Demo for a new plugin:

Rel · 30 сен 2018

а в формате Linux VST есть? мой любимый Cocos Reaper на линуксах поддерживает пока только LVST формат... можно канеш через Jack накрутить систему, но проще было бы сразу в DAW использовать...

SadKo · 30 сен 2018

Rel сказал(а): ↑

а в формате Linux VST есть? мой любимый Cocos Reaper на линуксах поддерживает пока только LVST формат... можно канеш через Jack накрутить систему, но проще было бы сразу в DAW использовать...
Нажмите, чтобы раскрыть...

Есть конечно.

SadKo · 21 дек 2018

А тем временем, после трёх лет разработки я выпустил новый релиз коллекции плагинов LSP Plugins - 1.1.5.
Релиз для скачивания: https://github.com/sadko4u/lsp-plugins/releases/tag/lsp-plugins-1.1.5

Изменения по релизу 1.1.5:

Implemented stereo version of Profiler plugin.

Added 'Spectralizer' and 'Mastering' modes to the Spectrum Analyzer plugin series.

All SIMD-optimized DSP code now ported to ARMv7A architecture and optimized using ARM NEON instruction set.

Added Frame Buffer primitive support by plugins and widgets.

Implemented RGBA and HSLA color manipulation routines for point array rendering optimizations.

Extended unit and performance test coverage.

Enabled RELRO and PIE option for binaries, simplified build system.

Implemented optimized DSP functions for minimum and maximum search.

Implemented optimized DSP functions for static biquad processing, dynamic biquad processing, dynamic bilinear transformation.

Extended DSP code with different set of software rendering functions that enhance visual effects.

Added support of FreeBSD operating system (plugins are available for building in FreeBSD ports).

Improved build process, added possibility to specify PREFIX variable for installing into specified path instead of /usr/local.

Fixed building issues under Ubuntu Linux related to compiler and linker flags reordering.

Fixed system character set detection on certain systems that caused disappearing of text labels in the UI.

Fixed window decorating issue under the i3 window manager.

Fixed biquad filter processing routines that could cause memory corruption and/or invalid behaviour in certain circumstances.

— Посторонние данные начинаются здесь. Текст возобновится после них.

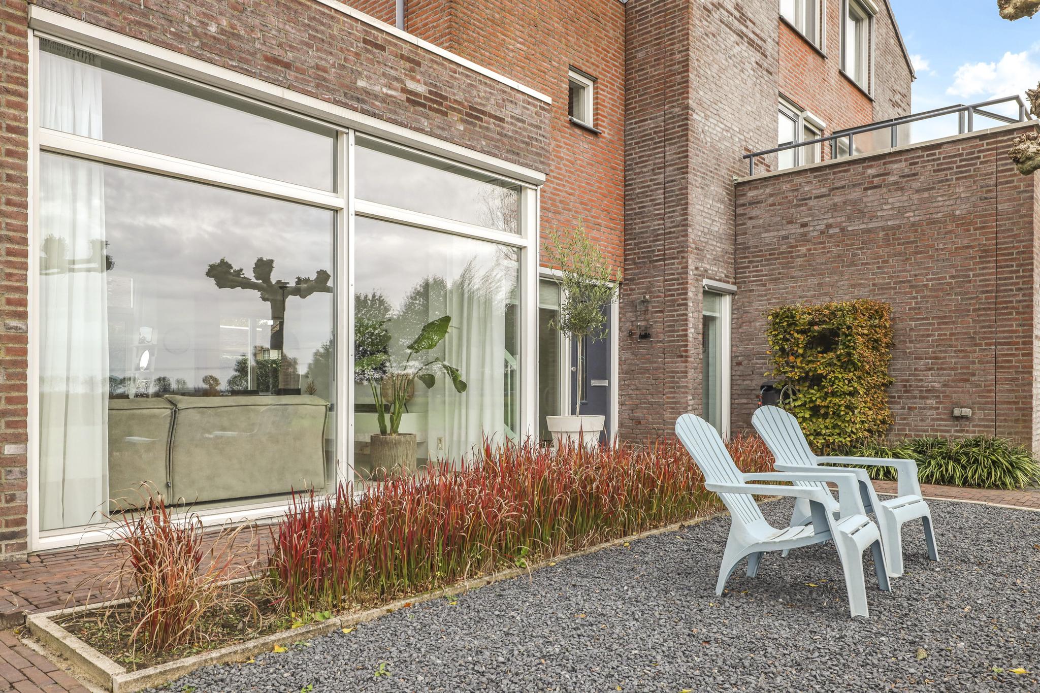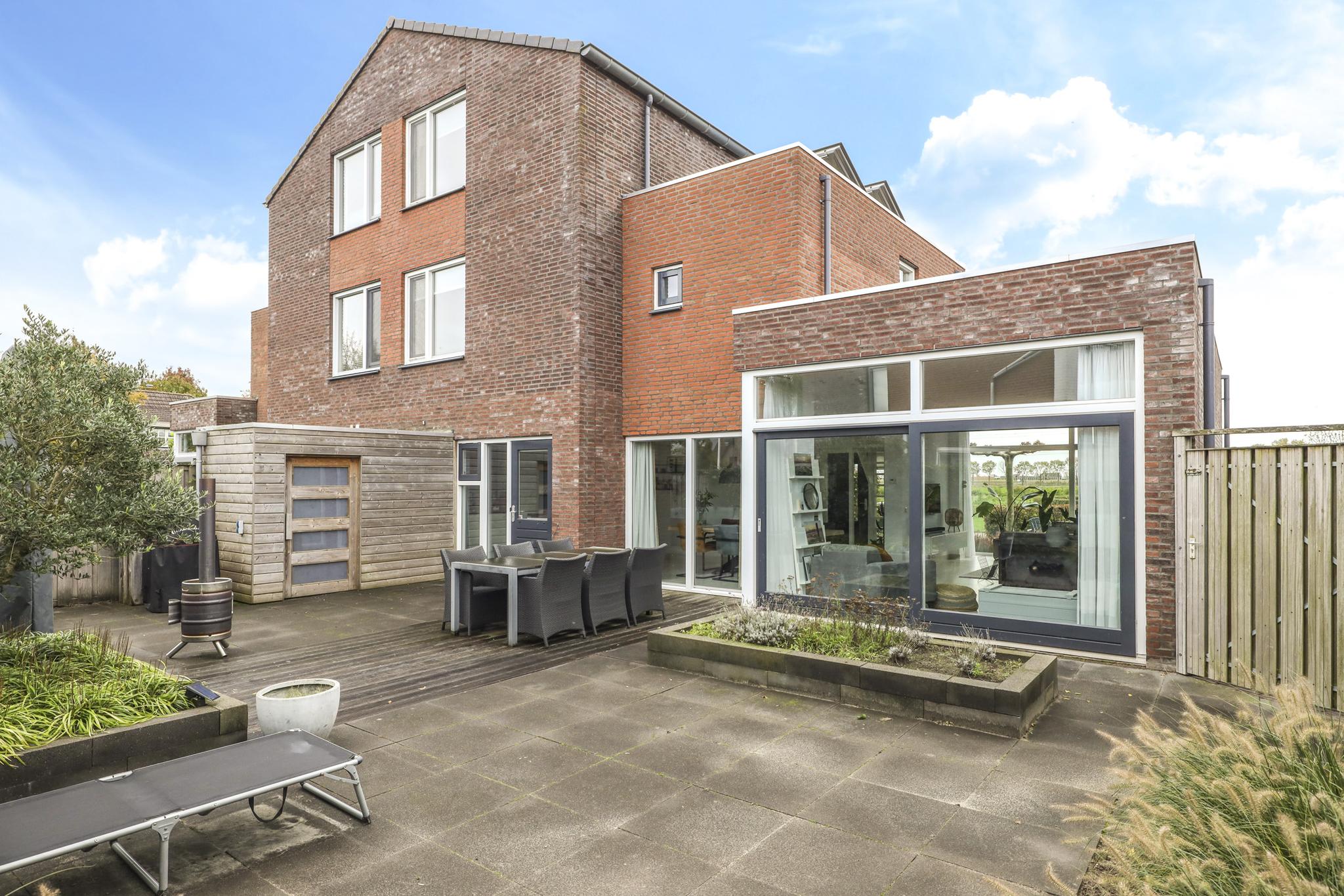 Heerlijk vrij aan de rand van het dorp gelegen, stijlvol ontworpen en instapklare 2-ONDER-1-KAPWONING met o.a. speelse raampartijen, een ruimtelijke indeling, een fijne leefruimte met hoog plafond, een luxe eilandkeuken, op de verdiepingen in totaal 4 slaapkamers waarvan 1 met BALKON met vrij uitzicht alsmede een luxe badkamer met o.a. een ligbad én inloopdouche. De ruimtelijke hal met vide geeft toegang tot de inpandige GARAGE. Een zeer groot pluspunt van deze gasvrije woning is dat het bijzonder duurzaam is met onder meer een aardwarmtepomp, een zonneboiler en WTW-ventilatiesysteem. De woning is volledig geïsoleerd en draagt energielabel A+. De woning heeft dan ook alleen maar vloerverwarming die zowel kan koelen als verwarmen (zelfs op de 2e verdieping). De vloerverwarming is per kamer regelbaar. Verder zijn meerdere ramen voorzien van screens (zonwering).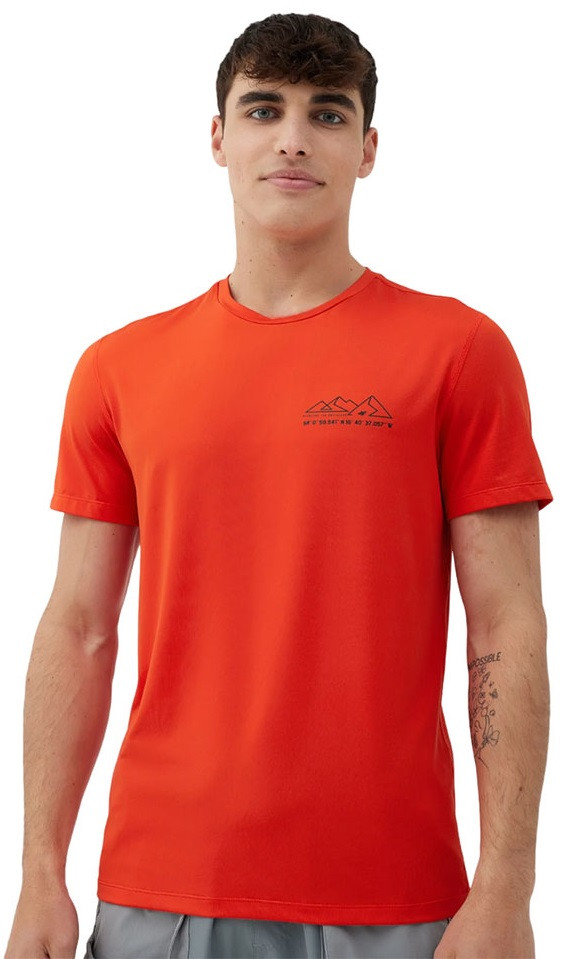 Мужская быстросохнущая треккинговая футболка. Круглый вырез горловины. Мелкий принт спереди. Быстросохнущая технология 4fdry улучшает удаление влаги. Зональная вентиляция влияет на правильную циркуляцию воздуха. Плоские швы с эластичными нитями минимизируют риск потертостей.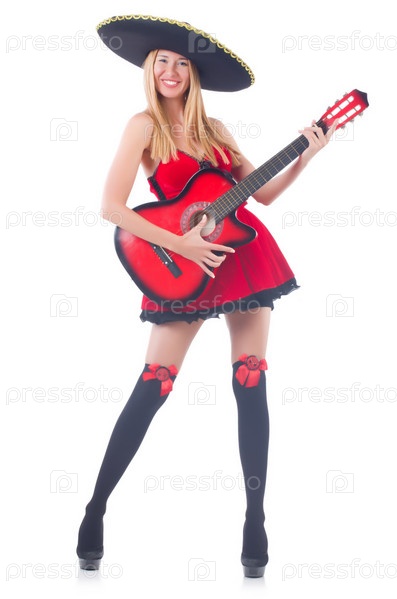 Женщина в сомбреро с гитарой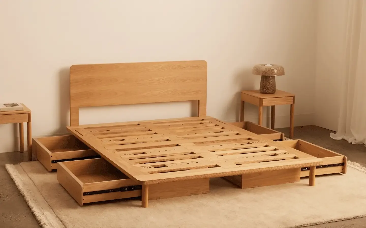 The rug should extend beyond your nightstands. It frames the entire sleep zone, not just the bed.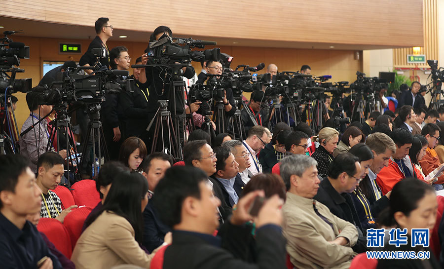 10月23日,十九大新聞中心舉辦記者招待會,邀請中央財經領導小組辦公室副主任楊偉民,環境保護部黨組書記、部長李干杰介紹踐行綠色發展理念,建設美麗中國有關情況,并回答記者提問。圖為現場記者。新華網 郝廣鵬攝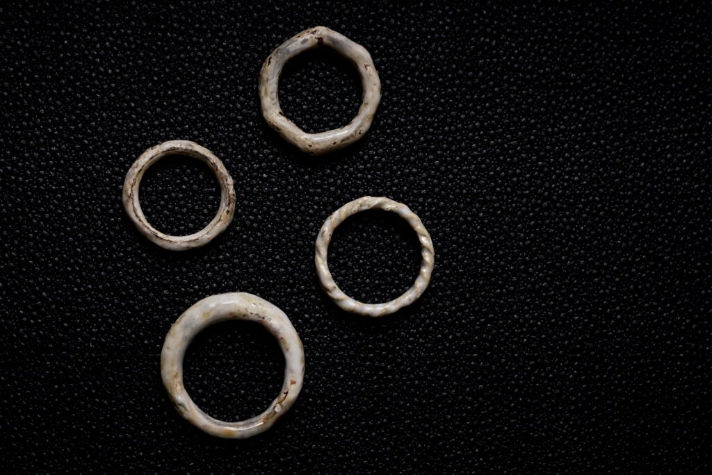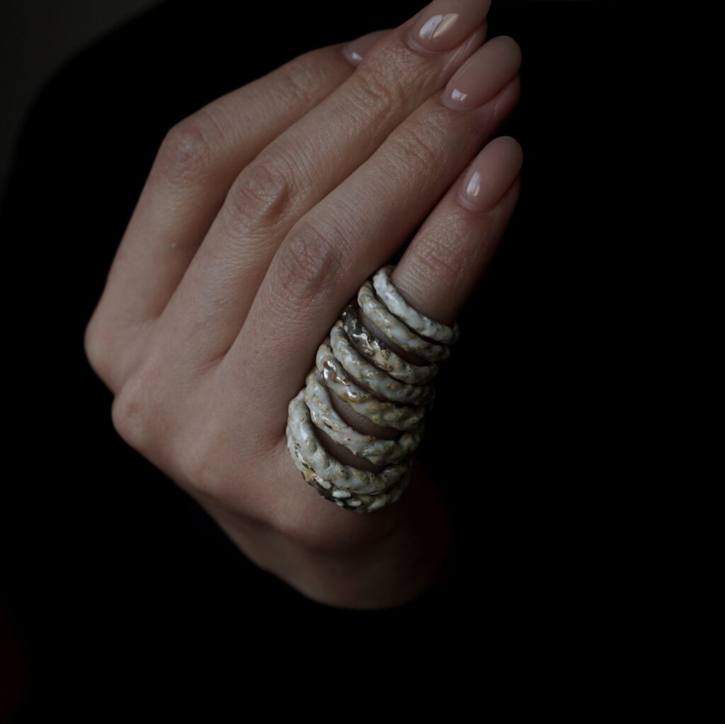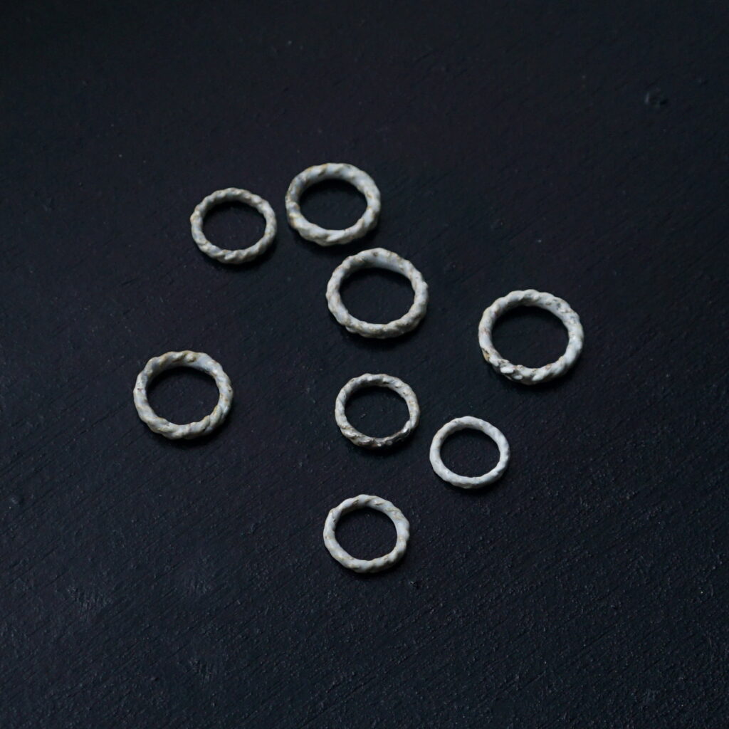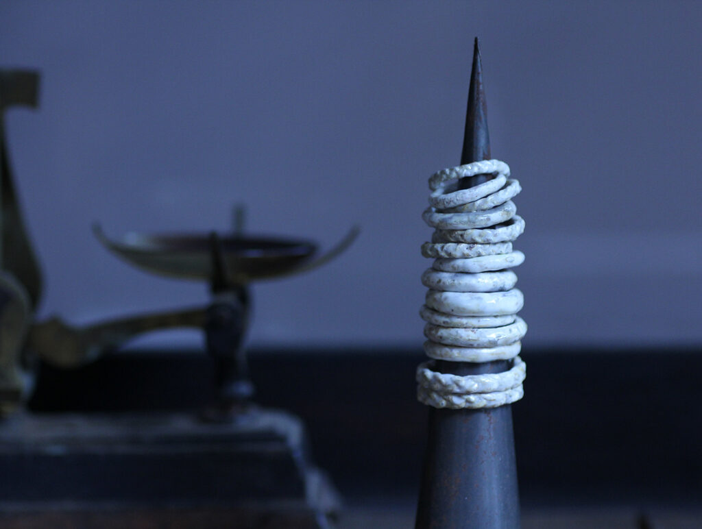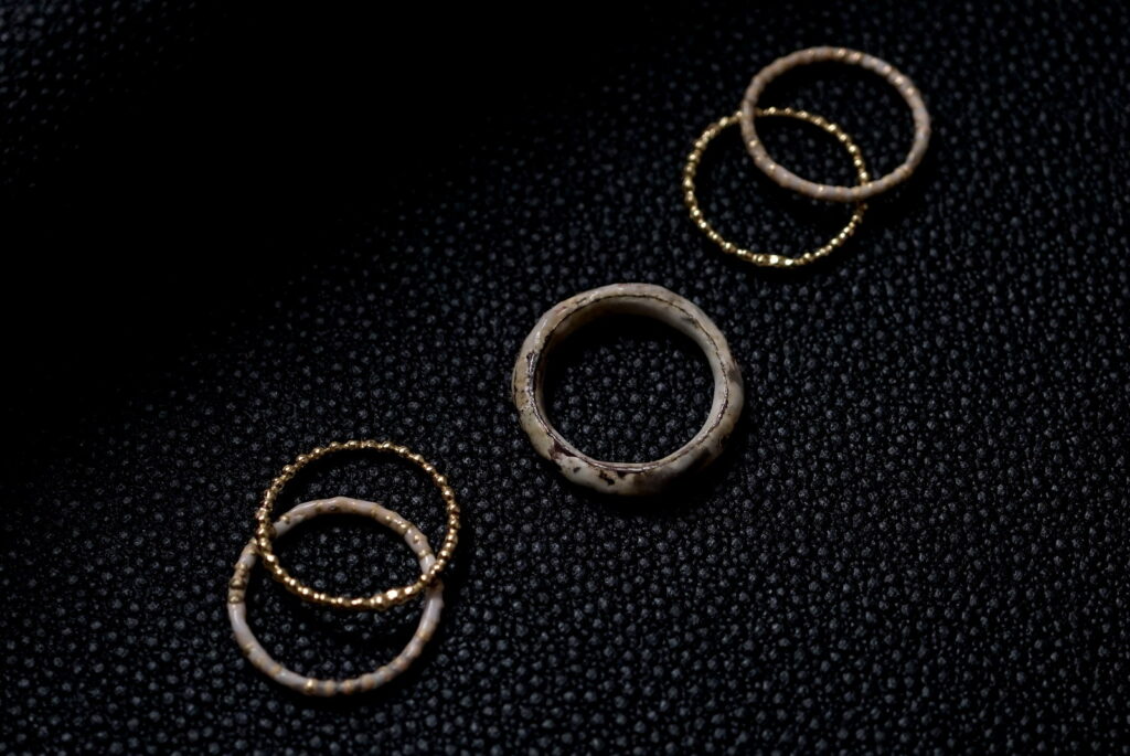 シルバーの上に白いエナメルを焼き付けて制作される古物の様な指環「ツモルトキ」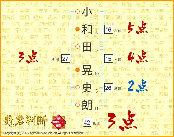 小(3画)和(8画)田(5画) 晃(10画)史(5画)朗(11画)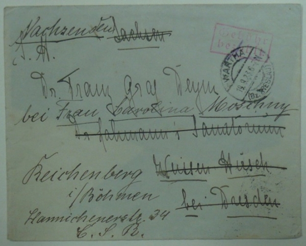 dosílaný dopis do Liberce, placeno hotově, razítko WARTHA 19.9.23; zajínavé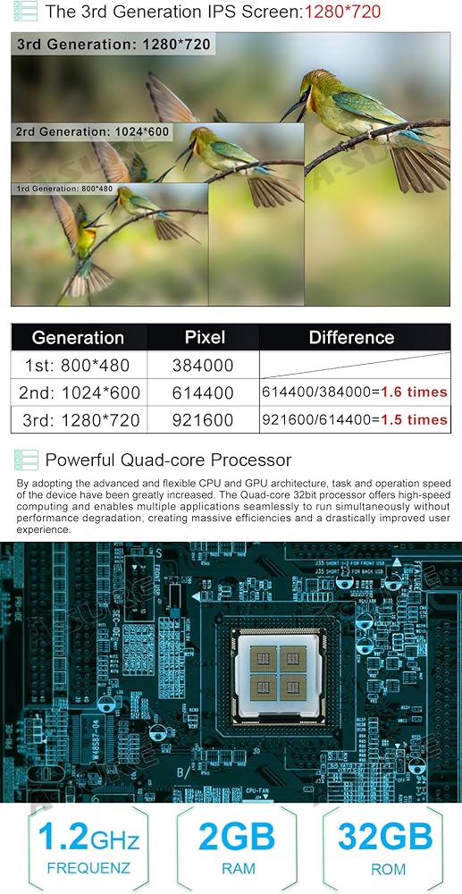 • 【راديو سيارة عالي الأداء】 التخصيص نظام Android مع Cortex Arm Cortex 4-Core 1.2 جيجا هرتز ، وذاكرة RAM 2GB+32 جيجابايت ، تقدم لك تجربة أسرع وأكثر سلاسة. مع شاشة اللمس في Generation Fouth ، وحجم 9 بوصة ودقة عرض 1280 × 800 ، اللون الأكثر ثراءً وعرضًا أكثر وضوحًا (ملاحظة: دقة عرض الشاشة 1280 × 800 ، إخراج الفيديو إلى دقة الشاشة الخارجية IS1024x600 ، مثل عرض المقعد الخلفي)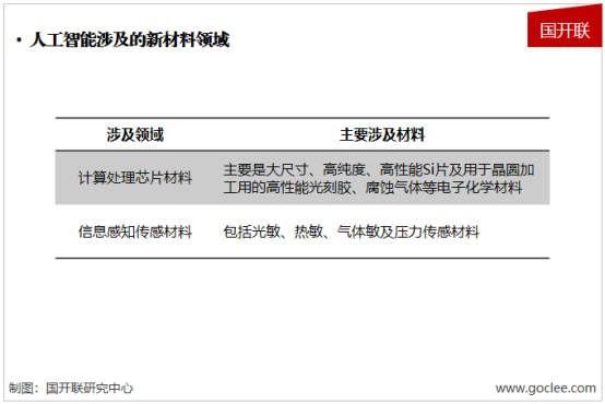 人工智能已成為引領(lǐng)新一代技術(shù)變革的顛覆性技術(shù),是各國布局的焦點(diǎn)。新材料在人工智能應(yīng)用,主要在計(jì)算處理和信息感知兩個(gè)過程,包括計(jì)算處理用芯片材料和信息感知的傳感材料。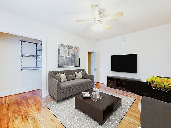 This charming studio apartment for rent features a galley kitchen and a spacious layout with hardwood floors and a ceiling fan. The apartment offers plenty of room for a small dinette set or a home office.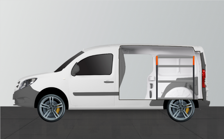 Denne fleksible innredningen til Mercedes Citan Ekstra Lang, Nissan NV250 L2 & Renault Kangoo Maxi gir mange lagringsmuligheter. Komplettere denne innredningen med tilbehør som passer akkurat deg og din bedrift.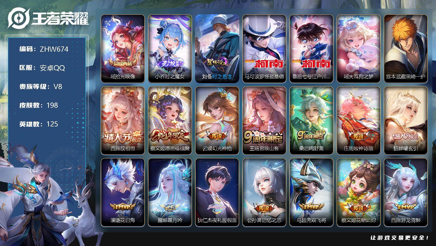 [12785243]女公主号!安卓Q-V8-永恒钻石I段位-125英雄-198皮肤-1典藏--1无双-4珍品传说-17传说-58史诗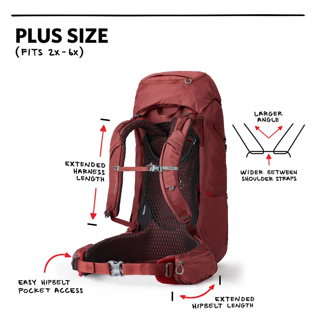 Melody is 5’4″ and typically wears a size 2X in apparel. She has a 16″ torso and is shown wearing an S/M torso Kalmia. Plus Size packs are designed with extended-length shoulder straps and hip belts, plus additional fit revisions to accommodate larger body shapes and sizes.

Fixed serious memory corruption in SSE implementation of fast convolution routines that could cause spontaneous crashes of convolvers.

Fixed buffer underflow in Convolver module that could cause memory corruption and spontaneous crashes of host.

UbIvItS · 21 дек 2018

SadKo, а сравнивал производительность с аналогами?

SadKo · 22 дек 2018

UbIvItS сказал(а): ↑

SadKo, а сравнивал производительность с аналогами?
Нажмите, чтобы раскрыть...

С аналогами - нет, с нативной реализацией - да. Есть performance test на каждую функцию, реализующую тот или иной алгоритм. Прирост разный, от 50% до 900%, в зависимости от реализуемой функции.

UbIvItS · 22 дек 2018

SadKo сказал(а): ↑

Прирост разный, от 50% до 900%, в зависимости от реализуемой функции.
Нажмите, чтобы раскрыть...

любопытный разброс. как ты можешь объяснить причину таких тормозов у натива?

SadKo · 22 дек 2018

UbIvItS сказал(а): ↑

любопытный разброс. как ты можешь объяснить причину таких тормозов у натива?
Нажмите, чтобы раскрыть...

Самый первый аргумент - потому что мы работаем с большими пачками данных, то есть обрабатываем массивы, а не отдельные значения.
Также всё зависит от скорости работы SIMD-инструкций. Какие-то работают эффективнее, какие-то менее эффективно. Где-то большой оверхед по инструкциям на применение вычислений по условию.
Где-то функции немного упрощены по сравнению с реализацией в стандартной библиотеке (не учитываются отдельные значения типа +inf, -inf, nan и т.д.), то есть проверка корректности данных делегируется вызывающему коду.
В последних моделях Intel и AMD, кстати, AVX-инструкции работают эффективнее SSE-инструкций.
На AMD Bulldozer/Piledriver было наоборот: только некоторые кейсы с AVX работали быстрее, на остальных провал по сравнению с SSE3-реализацией (в которой появились регистры xmm8-xmm15, и буст получался за счёт параллельного выполнения инструкций вычисления 8-элементных векторов, а не 4-элементных).
Методика тестирования: для каждого теста подгатавливаются выровненные в памяти буфера для входных данных и выходных данных. Входные данные заполняются случайными значениями в допустимом диапаазоне.
Далее для каждой функции запускается тест, который работает по следующему алгоритму:
- запускает внешний цикл, который собирает статистику и ограничивает время выполнения внутреннего цикла N секундами.
- запускает внутренний цикл, который выполняется M раз на одну итерацию внешнего цикла, и в каждой итерации вызывает одну и ту же функцию, передавая указатели на буферы входных и выходных данных.
После выполнения теста статистика собирается и преобразуется к удобочитаемому виду.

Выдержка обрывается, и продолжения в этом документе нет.